--- Data for this exercise ---

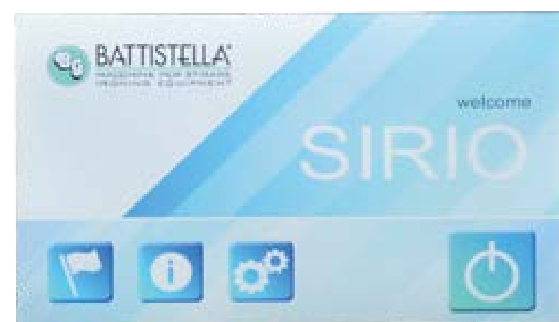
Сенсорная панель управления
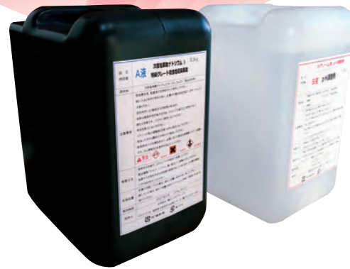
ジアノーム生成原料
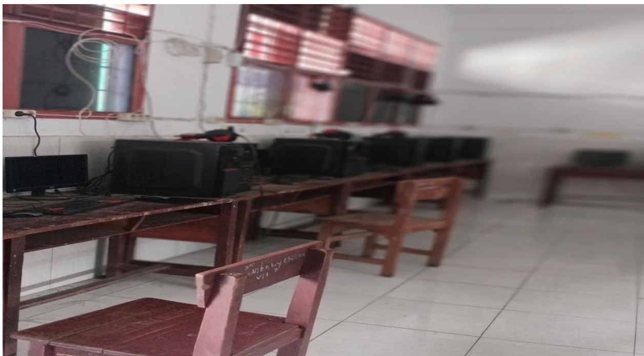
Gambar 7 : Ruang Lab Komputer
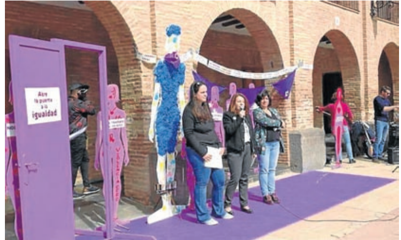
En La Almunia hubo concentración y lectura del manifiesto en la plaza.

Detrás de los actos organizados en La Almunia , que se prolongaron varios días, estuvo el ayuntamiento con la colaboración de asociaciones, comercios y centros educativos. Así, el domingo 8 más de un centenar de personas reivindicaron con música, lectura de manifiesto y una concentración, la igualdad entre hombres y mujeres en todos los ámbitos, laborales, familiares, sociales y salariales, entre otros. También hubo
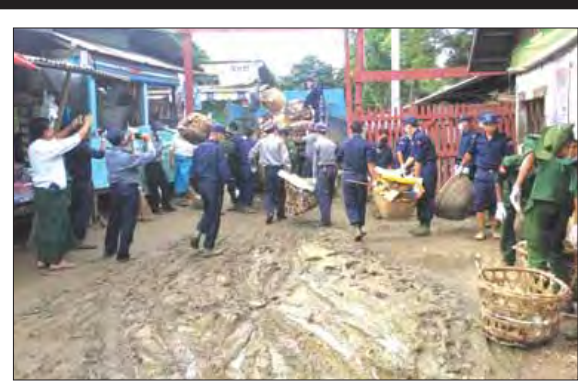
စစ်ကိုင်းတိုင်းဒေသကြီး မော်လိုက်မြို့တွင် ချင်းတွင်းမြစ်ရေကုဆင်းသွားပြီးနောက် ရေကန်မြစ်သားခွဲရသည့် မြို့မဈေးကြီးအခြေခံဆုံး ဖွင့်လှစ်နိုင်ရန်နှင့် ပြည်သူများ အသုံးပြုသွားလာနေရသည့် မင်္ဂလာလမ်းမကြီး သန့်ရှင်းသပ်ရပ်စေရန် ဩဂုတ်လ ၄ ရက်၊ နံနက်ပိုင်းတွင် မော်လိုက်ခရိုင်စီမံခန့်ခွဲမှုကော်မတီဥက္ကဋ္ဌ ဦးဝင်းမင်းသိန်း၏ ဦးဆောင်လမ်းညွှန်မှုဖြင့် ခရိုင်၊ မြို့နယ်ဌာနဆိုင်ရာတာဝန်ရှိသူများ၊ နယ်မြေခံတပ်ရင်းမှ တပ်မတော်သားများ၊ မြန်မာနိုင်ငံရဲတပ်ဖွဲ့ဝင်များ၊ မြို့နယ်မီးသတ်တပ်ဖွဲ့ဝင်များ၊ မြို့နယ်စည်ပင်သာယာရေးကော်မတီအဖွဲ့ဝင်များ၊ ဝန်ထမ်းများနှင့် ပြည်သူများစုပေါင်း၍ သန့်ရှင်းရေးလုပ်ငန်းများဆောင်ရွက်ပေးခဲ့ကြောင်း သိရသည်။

---
--- Data for this exercise ---

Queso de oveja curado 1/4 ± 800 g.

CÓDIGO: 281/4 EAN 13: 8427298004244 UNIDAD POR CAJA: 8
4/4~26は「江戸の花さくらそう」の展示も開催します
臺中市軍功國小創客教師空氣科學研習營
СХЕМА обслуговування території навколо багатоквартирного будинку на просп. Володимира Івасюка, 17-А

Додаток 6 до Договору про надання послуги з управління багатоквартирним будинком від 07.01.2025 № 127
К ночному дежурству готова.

---
--- Data for this exercise ---

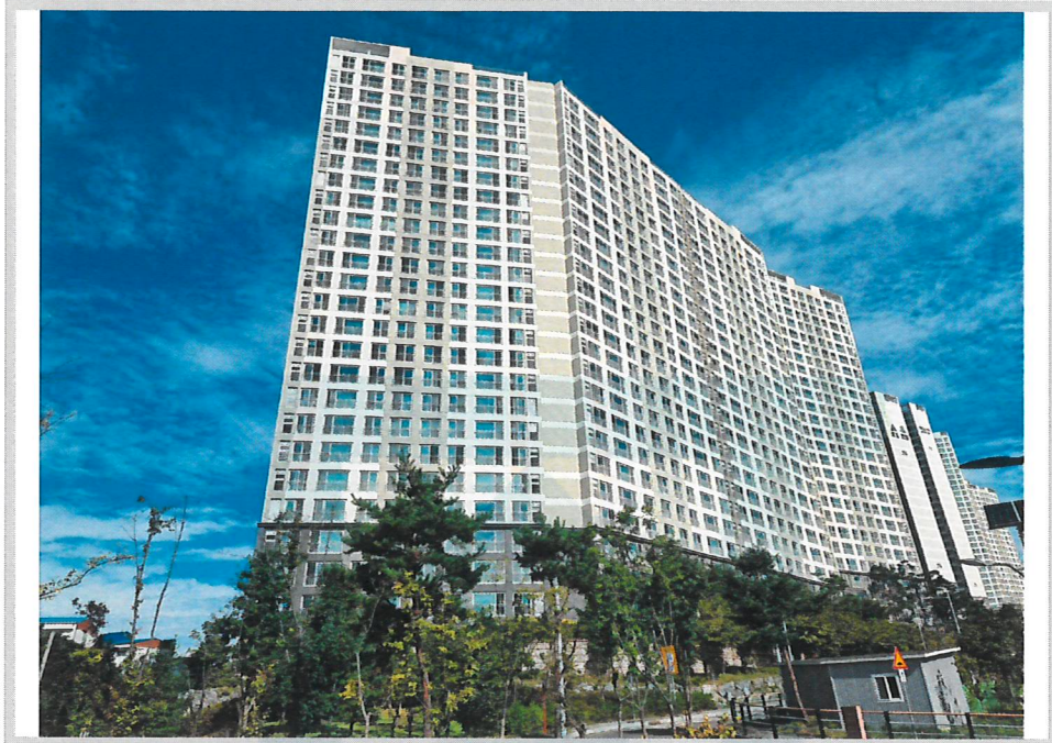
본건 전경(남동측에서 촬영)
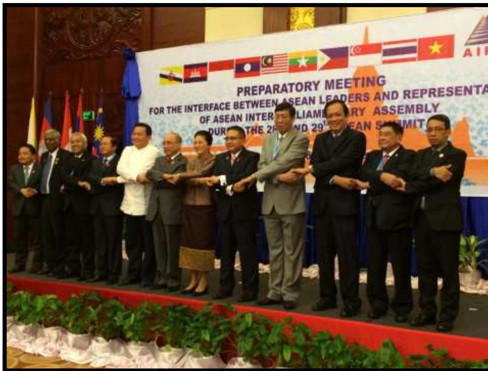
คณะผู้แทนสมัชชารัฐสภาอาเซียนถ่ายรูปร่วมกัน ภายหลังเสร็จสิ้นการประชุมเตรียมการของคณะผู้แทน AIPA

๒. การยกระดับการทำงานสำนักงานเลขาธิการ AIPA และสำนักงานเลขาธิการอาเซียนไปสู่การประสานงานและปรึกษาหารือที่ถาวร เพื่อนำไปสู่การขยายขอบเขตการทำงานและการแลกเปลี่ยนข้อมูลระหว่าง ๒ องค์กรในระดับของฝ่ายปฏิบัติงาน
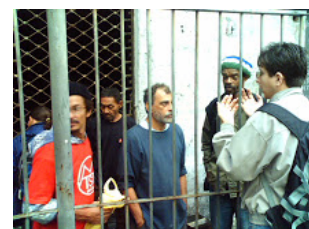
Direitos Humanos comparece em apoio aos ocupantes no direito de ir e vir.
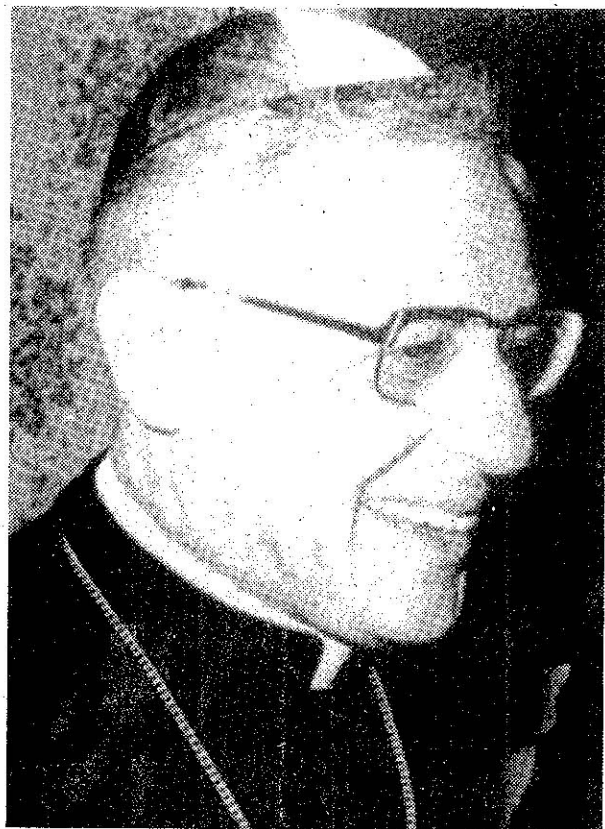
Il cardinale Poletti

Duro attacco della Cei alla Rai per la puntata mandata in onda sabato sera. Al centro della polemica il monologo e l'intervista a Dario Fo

---

Could you restate, word for word, the lines above from the one with "4/4~26は「江戸の花さくらそう」の展示も開催します" to the one with "К ночному дежурству готова.", both included?

#### Result for this exercise:
4/4~26は「江戸の花さくらそう」の展示も開催します
臺中市軍功國小創客教師空氣科學研習營
СХЕМА обслуговування території навколо багатоквартирного будинку на просп. Володимира Івасюка, 17-А

Додаток 6 до Договору про надання послуги з управління багатоквартирним будинком від 07.01.2025 № 127
К ночному дежурству готова.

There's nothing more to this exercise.